**What you have to do:**
Restate word for word the line containing "Glass lid lets" and all remaining lines of the entries below.

**Stored data:**
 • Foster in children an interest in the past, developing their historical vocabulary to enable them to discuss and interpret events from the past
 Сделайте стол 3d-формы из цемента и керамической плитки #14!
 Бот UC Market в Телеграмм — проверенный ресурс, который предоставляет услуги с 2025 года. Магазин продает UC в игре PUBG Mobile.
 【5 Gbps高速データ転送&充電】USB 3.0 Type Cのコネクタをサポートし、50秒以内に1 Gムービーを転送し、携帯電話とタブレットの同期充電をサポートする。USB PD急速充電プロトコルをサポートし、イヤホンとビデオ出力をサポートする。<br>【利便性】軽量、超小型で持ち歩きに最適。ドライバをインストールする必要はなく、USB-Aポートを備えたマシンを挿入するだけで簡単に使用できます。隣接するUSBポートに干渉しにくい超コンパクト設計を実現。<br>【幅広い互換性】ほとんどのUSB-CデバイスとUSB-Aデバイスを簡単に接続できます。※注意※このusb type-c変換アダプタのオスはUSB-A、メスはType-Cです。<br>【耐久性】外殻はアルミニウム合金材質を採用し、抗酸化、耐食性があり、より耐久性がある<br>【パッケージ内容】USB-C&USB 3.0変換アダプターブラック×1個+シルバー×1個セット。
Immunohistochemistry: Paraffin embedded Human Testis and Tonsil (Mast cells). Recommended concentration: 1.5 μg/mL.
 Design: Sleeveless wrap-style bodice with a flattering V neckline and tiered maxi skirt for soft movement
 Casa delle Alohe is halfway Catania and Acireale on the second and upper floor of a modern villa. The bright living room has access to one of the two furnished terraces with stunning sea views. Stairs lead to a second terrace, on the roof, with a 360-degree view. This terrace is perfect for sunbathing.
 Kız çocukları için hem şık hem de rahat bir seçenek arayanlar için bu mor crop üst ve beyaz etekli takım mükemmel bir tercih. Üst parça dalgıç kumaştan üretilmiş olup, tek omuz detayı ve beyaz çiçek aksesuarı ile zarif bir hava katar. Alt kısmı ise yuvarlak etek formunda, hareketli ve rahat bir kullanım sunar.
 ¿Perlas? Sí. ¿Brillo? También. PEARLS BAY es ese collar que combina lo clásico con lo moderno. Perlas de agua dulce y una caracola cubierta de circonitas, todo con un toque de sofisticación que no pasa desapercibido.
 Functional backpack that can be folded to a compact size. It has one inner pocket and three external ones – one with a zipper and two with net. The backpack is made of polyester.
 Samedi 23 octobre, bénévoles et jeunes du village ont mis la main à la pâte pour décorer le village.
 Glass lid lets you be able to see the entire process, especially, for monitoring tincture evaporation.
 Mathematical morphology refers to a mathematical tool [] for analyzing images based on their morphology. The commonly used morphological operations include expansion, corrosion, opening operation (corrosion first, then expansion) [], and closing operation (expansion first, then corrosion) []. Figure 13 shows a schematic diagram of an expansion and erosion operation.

**Output:**
 Glass lid lets you be able to see the entire process, especially, for monitoring tincture evaporation.
 Mathematical morphology refers to a mathematical tool [] for analyzing images based on their morphology. The commonly used morphological operations include expansion, corrosion, opening operation (corrosion first, then expansion) [], and closing operation (expansion first, then corrosion) []. Figure 13 shows a schematic diagram of an expansion and erosion operation.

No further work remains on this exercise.